CN102547694A - Chinese-remainder-theorem-based group key creation method for sensor network - Google Patents

Abstract

The invention relates to a method for establishing a group key based on the Chinese remainder theorem in a sensor network. The pre-distribution method is adopted, and secret information is preset before the sensor nodes are spread in a specific area, and then the group key is calculated using the secret information ; When a new node joins or an old node withdraws, the group key can also be updated, which ensures the security of the network. In addition, its ability to resist attacks and cryptanalysis is stronger than the general key management scheme based on symmetric mechanism. The key management mechanism of the sensor network based on the nature of the public key is conducive to the expansion and use of the public key algorithm in its upper network (such as the transport layer and application layer network in the Internet of Things).

Description

A Group Key Establishment Method Based on Chinese Remainder Theorem in Sensor Networks

technical field

The invention relates to a sensor network security technology, in particular to a group key establishment method based on the Chinese remainder theorem in the sensor network.

Background technique

In wireless sensor networks, in order to ensure information security, communication between nodes often needs to be protected by security measures. In all security mechanisms, encryption technology is the foundation, through which security requirements such as sensor network authentication, confidentiality, non-repudiation, and integrity can be realized. For encryption technology, encryption mainly has two main components, namely algorithm and key. After years of research and development, the encryption algorithm has a very mature international standard, such as: DES, AES, etc., we can choose according to the specific application of the sensor network. But no matter how strong the encryption algorithm is, we need to negotiate the key first when conducting secret communication. If a weak key generation method is used, then the entire system is weak and there is no need to decipher the encryption algorithm. Therefore, using a strong key generation algorithm is the premise of a strong system, which is key management. Therefore, key management in sensor networks becomes a key factor affecting network security. the

According to the tracking and analysis of domestic and foreign research literature, in recent years, scholars at home and abroad have proposed a variety of key management protocols for wireless sensor networks. However, most protocols focus on the performance of the key's connectivity, invulnerability, and validity. When the sensor network is connected to the Internet of Things as the perception layer, the security of information in the network will be attacked and interfered by various types of terminals. To ensure the security of information, the key in the sensor network will need to improve its anti-attack ability or scalability.

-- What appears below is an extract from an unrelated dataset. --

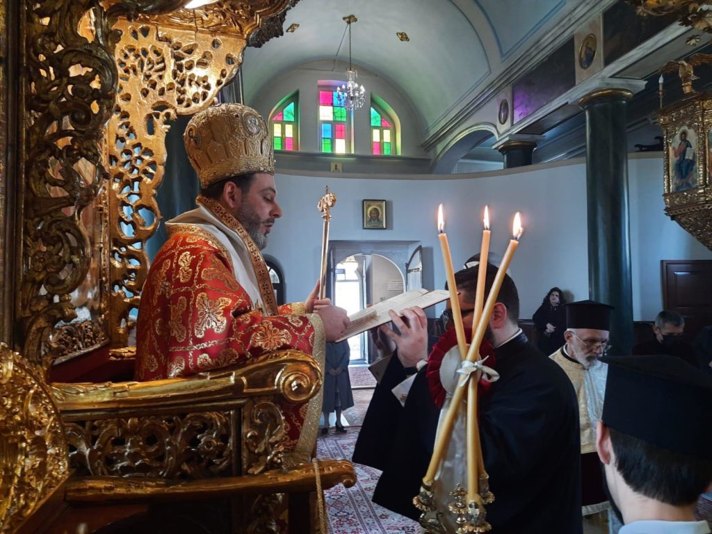 Συμπροσευχόμενοι παρέστησαν οι Σεβασμιώτατοι Αρχιερείς Μητροπολίτης Γέρων Πριγκηποννήσων κ. Δημήτριος, Μητροπολίτης Φιλαδελφείας κ. Μελίτων και Αρχιεπίσκοπος Ανθηδώνος κ. Νεκτάριος, Επίτροπος του Παναγίου Τάφου ενταύθα.

Existing key management schemes, they all focus on key management and research based on symmetric properties. Although these key management schemes can also play a role in keeping secrets to a certain extent. But its anti-attack ability is not very strong; and once it is extended and applied to the Internet of Things, its part based on symmetric key management may become the weakness of the entire network attack.

Contents of the invention

The present invention aims at the problem of weak anti-attack ability of the key management of wireless sensor network communication nodes, and proposes a group key establishment method based on the Chinese remainder theorem in the sensor network, which is constructed by combining secret sharing and the Chinese remainder theorem Group key management scheme. Its ability to resist attacks and cryptanalysis has been enhanced. This method is based on the public key nature of the sensor network key management mechanism. Expand and use.

The technical solution of the present invention is: a method for establishing a group key based on the Chinese remainder theorem in a sensor network, and the specific steps of the method are as follows:

1) Suppose there is a base station node BS and n general nodes in the network, Gc=(N ₁ ,N ₂ ,..., N _n ) is the initial set of n general nodes;

2) The process of secret information generation and node initialization is:

Step 1: BS selects n pairs of mutually prime integers q ₁ , q ₂ , ..., q _n , and lets them serve as the private information of n nodes. Here, when i j when gcd(q _i ,q _j )=1 ; then BS randomly selects a first-degree polynomial f(x)=a ₁ x+a ₀ , let K _g be the group key, and use it as the constant term of the first-degree polynomial, That is, a ₀ =K _g ; BS randomly generates two integers as the input of f(x), and obtains two secret shares S ₀ and S _g , and S _g is used to shield the group key K _g ;

Step 2: BS uses S _g and q _i (i=1,...,n) to generate the following n sub-secrets:

BS calculates P and P _i from P= q ₁ q ₂ ... q _n , P _i = P/q _i (i=1,...,n);

At the same time, it also needs to calculate P _{i '} (i=1,...,n) from P _i P i '=1 mod _q i;

Further BS calculates y _i =c _i P _i P _i ' and s _i =y _i P;

； Step 3: BS broadcasts the message {s ₁ ,…,s _n , P ₁ ,…,P _n ,S ₀ } to all nodes in the network. If there is a key pair between BS and each node, it can also use The key pair of each node N _i secretly transmits the broadcast message, such as:

;

3) The recovery process of the group key:

When each node receives the message sent by the base station BS, the node N _i will use the private information q _i of its own node to calculate P=P _i q _i ;

Then restore y _i according to y _i =s _i /P;

计算出S _g； then by

Calculate S _g ;

Then according to the received S ₀ and the calculated S _g , the node N _i will calculate according to Shamir's secret sharing theorem

, 这里L _i (0) 是由拉格朗日插值定理计算出的系 Group-out key K _g , that is, a ₀ =

, where L _i (0) is the system calculated by the Lagrange interpolation theorem

； number

;

4) Joining of new nodes:

When a new node joins, the base station will regenerate n+1 sub-secrets from the second step of step 2); then calculate P, P _i , P _i ' , y _i , s _i ( i=1,...,n,n+1), and broadcast to all nodes; the node restores the group key in the way of step 3);

5) Revocation of nodes:

When a node needs to be withdrawn from the network, the base station will regenerate n-1 sub-secrets from the second step of step 2); then calculate P, P _i , P _i ' , y _i , s _i (i=1,...,n-1), and send it to all nodes in the way that the node encrypts the key; the node restores the group key in the way of step 3).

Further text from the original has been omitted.